Libratus, an artificial intelligence developed at Carnegie Mellon, is currently taking on four of the world's best professional poker players in a 20-day match at the Rivers Casino in Pittsburgh, in which 120,000 hands of No Limit Texas Hold'em will be played.
A lot is at stake at the Rivers Casino. The four poker pros, Jason Les, Dong Kim, Daniel McAulay and Jimmy Chou will split a prize purse of $200,000, which will be awarded even if Libratus wins. On the other hand the AI creators, Professor Tuomas Sandholm and Ph.D. student Noam Brown hope to prove that Libratus, to which15 million core hours of computation at the Pittsburgh Supercomputing Center (PSC) have been devoted, can beat the top high-stake players of the game
The contest began on January 11th and is billed as a re-match as it follows a similar event in 2015 in which Claudico, a previous poker-playing algorithm from Carnegie Mellon, lost by $732,713 after 80,000 hands played over two weeks. Given that $170 million had been bet losing by less than a million dollars was close enough to be considered a draw, so this time more games are being played to ensure a statistically significant result.In addition, to ensure that the outcome of the competition is not due to luck, the four pros will be paired to play duplicate matches — Player A in each pair will receive the same cards as the computer receives against Player B, and vice versa. One of the players in each of these pairs will play on the floor of the casino, while his counterpart will be isolated in a separate room.
As play got underway, Andrew Moore, Dean of Carnegie Mellon's School of Computer Science said:
"A lot of people throughout the AI community are watching this event carefully. Beating some of the top players in the game would be a significant achievement for an AI and will only be possible if Libratus can successfully bluff and otherwise mislead its human opponents".
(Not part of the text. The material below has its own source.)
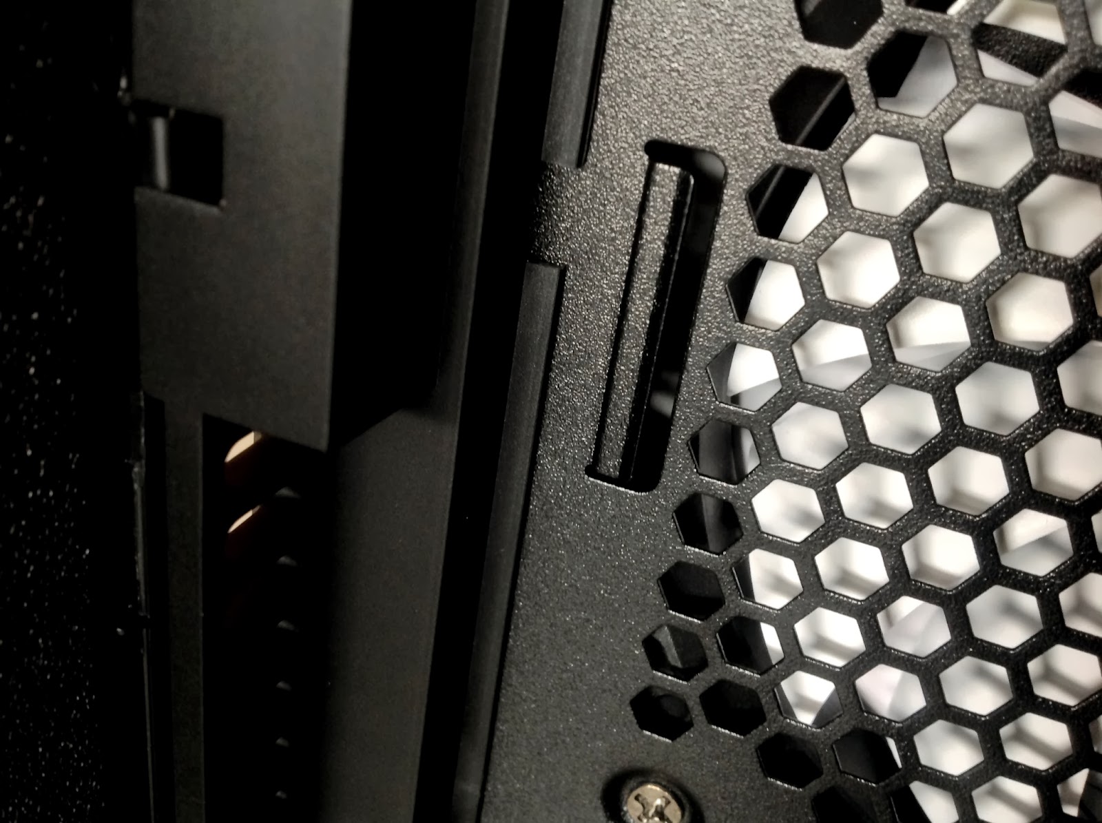 Since the front panel is covered by the Aluminum piece, the air intake for QT01 is from the side of the front panel. If anyone is concern about the air intake amount from such tiny gaps, our answer for you is not to worry, if will do just fine.

In this video about the Brains vs AI event Professor Sandholm and Noam Brown, explain why this kind of poker is a benchmark when it comes to artificial intelligence and how their algorithms can be used in a wider set of situations:
Brown refers to the success computers have experienced in the perfect information games of Chess and Go and points out that Poker is closer to real world situations that have to deal with hidden information and uncertainty. He explains that AlphaGo wouldn't know how to bluff and would be easy to beat at Poker noting that:
"the element of uncertainty changes the dynamic completely and it is this element that Liberatus and the algorithms developed for it are addressing.
Sandholm reminds us that Limit Texas Hold'em was actually near-optimally solved in 2015 by the University of Alberta (see Poker Sorted - Meet Cepheus) and goes on the describe the No Limit version as:
"the last frontier in the foreseeable horizon of game solving in AI."
He also notes that the Libratus AI is not specifically a poker program. Its algorithm could be applied to any number of situations that involve incomplete and misleading information — business negotiations, military strategy, cybersecurity and even medical treatment design.
The wider implication of the Brains vs. AI match is that Libratus goes towards being a General Artificial Intelligence that can address any situation that it runs into, not just a specific domain like Go or Poker.
As Brown puts it:
If AI is going to achieve this goal it will need to address uncertainty which comes up a lot in real life. We see the algorithms used in this bot as advancing the field for those problems, and tacking the question, "how do you deal with uncertainly in the real world?
So how is this historic match progressing?
Prior to its start odds makers favored the human players 4 or 5 to 1 over Libratus. By the end of the first day however Libratus ended up ahead by $82,000. It repeated its success on the second and third days and lead by $193,000. On the fourth day, however the humans started winning and by the end of day six had shrunk Libratus' lead to just $51,000.
At this point Jason Les, who also played in the 2015 contest against Claudico, emailed:
We got off to a bad start, which I believe is kind of expected. Those first hands we play without any idea how our opponent plays and it took us a while to study and get an understanding of what was going on.
Les hinted that the Poker pros had found weaknesses to exploit and were getting together each evening to develop strategies,
At night while the humans sleep, however, Libratus goes back to the PSC where the Bridges computer performs computations to aid with its end-game play. This extra help seems to be paying off and Libratus is currently pulling ahead strongly.